PDS is tall, dark and blocky, David Seyfert is medium height, slender, sandy hair, glasses.

William Scott Scherk and WSS both look like a typical Canadian man. They're all alike.

Adam Selene is completely bald, due to an excess of vowels, while Allen has a little hair.

Michael Stuart Kelly and MSK are both incredibly handsome.

And so on. I have a couple kinds of synaesthasia, this is the most interesting kind. It doesn't matter if I know what you actually look like, in some cases I do-- and of course we all know the Face of OL. Isn't it amazing how my synaesthesia corresponds with reality in this case?

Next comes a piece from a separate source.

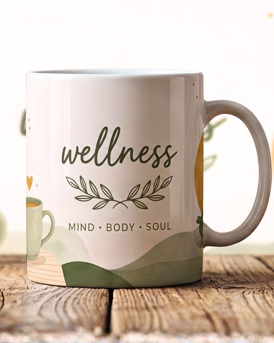 Cultivate complete wellbeing with our Wellness Balance Mug, showcasing minimalist illustrations of balanced chakras, healing herbs, and flowing energy waves in soft earthy tones. Drawing from ayurvedic principles and sanatan dharma wisdom, it transforms every sip of tulsi kadha or green matcha into a self-care ritual promoting vitality, clarity, and inner peace.

We get impressions of fictional characters, even when the author does not describe them physically. What do we know about Darcy and Elizabeth, the most famous lovers in literary history after R&J? She had a brown skin and fine dark eyes. He was handsome and tall. That's all she wrote. And Jane Bennet the family beauty? We don't even know if she was blonde or brunette. Quite right too, because all that matters is that Austen assured that sweet Jane did not end up being "so beautiful for nothing."

Some writers (great writers among them) need to visualize every character before they can start writing about them, and they demand the readerto look at the character before they will start the action. I kind of resent this, and usually skip the proud chins and medium-sized foreheads. (Sorry, just came off a bad Trollope bender). Rand thought faces showed character (boy, did she ever), and you know I wonder, maybe she got it backwards? Character maybe showed her the face? Could it be, could it be,that Ayn Rand and your humble servant had something in common, Judy O'Grady and the Colonel's lady, sisters in synaesthesia?